U.S. Pat. No. 4,166,156 teaches employing a current collector and/or container or liner of the cell or battery comprising a shaped graphite body bearing a coating of pyrolytic graphite on at least those surfaces thereof which are exposed to the cathodic reactant during operation of the cell. Such bodies may be made by compressing graphite into a shape and then pyrolyrically depositing graphite on or into the pores of the shaped graphite body. In contrast to the graphite/graphite electrode material of that invention, the electrode material of this invention is a carbon/carbon material woven of high tensile modulus carbon filaments in toe configuration impregnated with carbon particulate. Because the filaments of the electrode material are substantially continuous as compared to the graphite body which has pores, the carbon/carbon material has better electrical conductivity than the graphite/graphite bodies.
U.S. Pat. No. 4,216,275 attempts to overcome the corrosive nature of the polysulfide melt of a Na/S battery by providing a metal cell wall which is coated first with a prime coat of nickel and aluminum, and then applied on this prime coat is a coating of an alloy of chromium and at least one metal of the group of iron, cobalt and nickel.
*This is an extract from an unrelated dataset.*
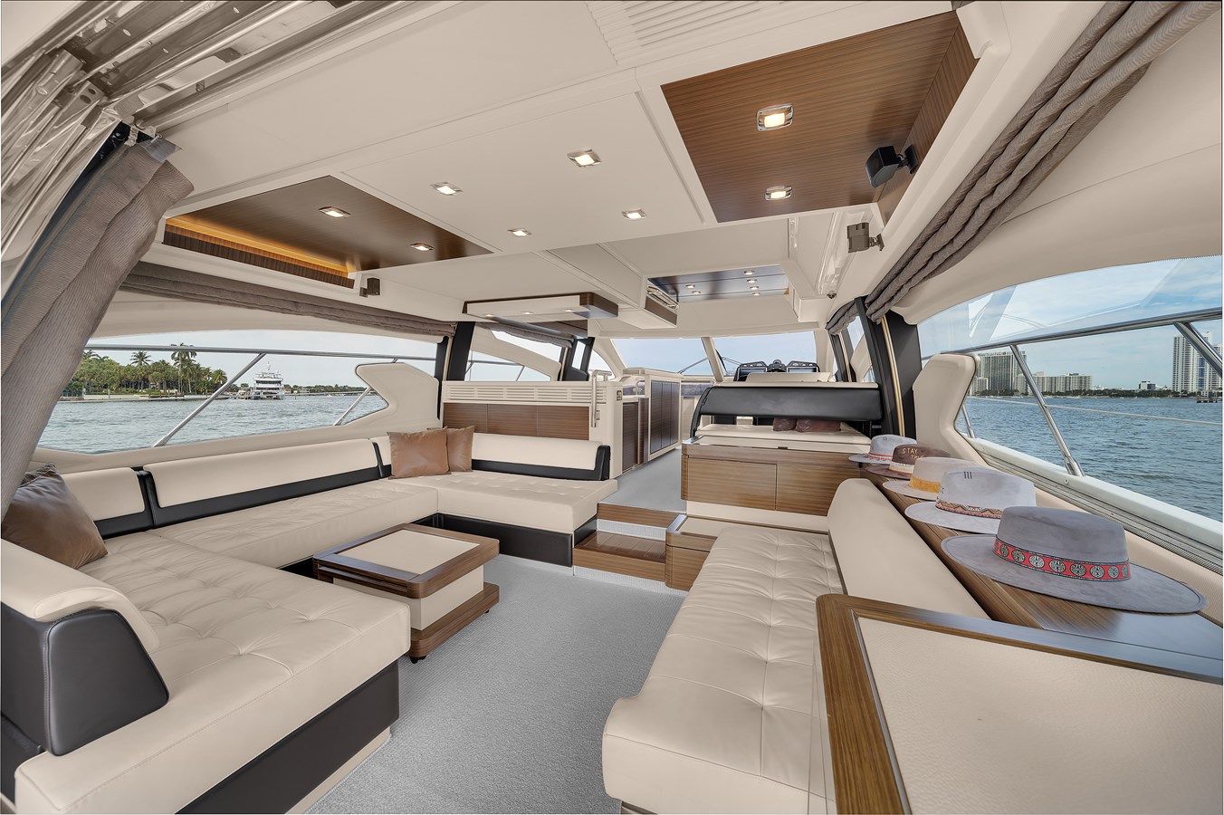 Fully loaded 2014 Azimut 64 Flybridge featuring twin CAT C18 engines, dual Seakeepers, yacht controller, joystick, crew quarters, hydraulic swim platform, and full teak package. Luxury performance and Italian design make this yacht a top-tier cruising or charter-ready vessel.

U.S. Pat. No. 4,226,922 suggests that longevity of the cathodic current collector can be obtained if the metallic current collector has a boronized surface and an additional boron source in physical proximity to the boronized current collector surface.
Still another approach to forming a non-corrosive, electrically conductive component for a sodium sulfur cell is taught in U.S. Pat. No. 4,232,098. The component comprises a fiber-carbon substrate and a non-porous chromium-iron-carbon duplex alloy surface layer chemically diffusion bonded to the substrate. However, the component would be expected to have significant (series) resistance and degrade with high temperature operation.
In U.S. Pat. No. 4,248,943 a coating of chromium/chromium oxide is placed on the surfaces of the electrically conducting components of a Na/S battery to combat corrosion by molten sodium polysulfide and sulfur reactant.
In U.S. Pat. No. 4,279,943, stainless steel, fibrous or felt form, are proposed for use as a corrosion titanium nitride, graphite or carbon, especially in resistant cathodic electrode material in a Na/S battery.
Doped chromium oxide is taught in U.S. Pat. Nos. 4,456,631 and 4,456,664 to be useful as a coatings on metal or metal alloy so as to form corrosion resistant current collectors suitable for use in Na/S batteries. The patents teach lithia doped and magnesia doped chromium oxides, respectively.